Current called “Teardrop Parcels” from the shape of the two pieces of land that form the space, the county’s working name is “New Park at South Eads Street and Army Navy Drive.”
The green space is located by the Verizon telecommunications facility site (400 11th Street S.) and the construction site for a new, 19-story residential building. It’s also adjacent to the recently-built Altaire apartments and across the street from the second phase of Amazon’s permanent HQ2.
An online feedback form is available until end of day today (Oct. 14), according to a presentation delivered on Sept. 29. The next opportunity for public feedback will be in November, while third and final opportunity will come in December. Name suggestions are welcome, according to the presentation.
The owner of the Altaire is contributing more than $1.4 million and the new apartment development is pitching in nearly $1.2 million, for a total budget of $2.6 million for the new park.
With the new developments, the park could see more activity from residents, workers and shoppers in the coming years, said Mark Gionet, the Principal at LSG Landscape Architecture.

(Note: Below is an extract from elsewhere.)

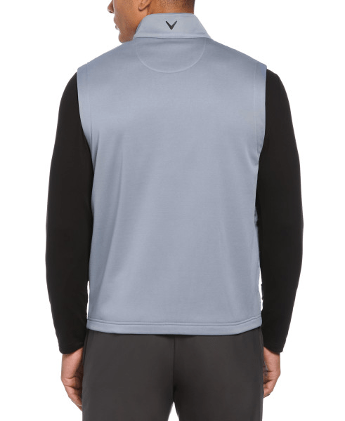 7.4 oz 100% polyester quilted woven fabric at center front and brushed knit back. Thermal fabric provides an extra layer of warm comfort. UV Block technology keeps skin safe from the sun's harmful rays. Water repellant fabric on front-body only. Full-zip with reverse coil zipper with Callaway Chevron on pull. Front open pockets. Heat seal label provides tag-free comfort. Contrast heat seal Chevron on back collar.

Studies show that having retail space bordering an urban park — as is planned in this case — can help activate the two spaces, said the architect, whose firm is partnering with the county to facilitate public engagement with plans for the park.
Currently, during weekday work hours, the land is used by people walking to get groceries and lunch. On the weekends, children play while their parents watch from lawn chairs. The land is popular with dog walkers, who use the pet waste station.
The presentation notes that Metropolitan Park, Long Bridge Park and Virginia Highlands Park are all within walking distance, with a variety of existing amenities.
“A range of active, passive and social park amenities are available within a walking distance,” the presentation said. Planners will take that, public feedback, and the fact that the park is shaded by nearby buildings much of the time into consideration when mulling over what features the new park might have.
Work on the park should not harm the large, leafy tree on the land, Gionet said. Its extensive root system, however, will limit the developable area in the park, he said.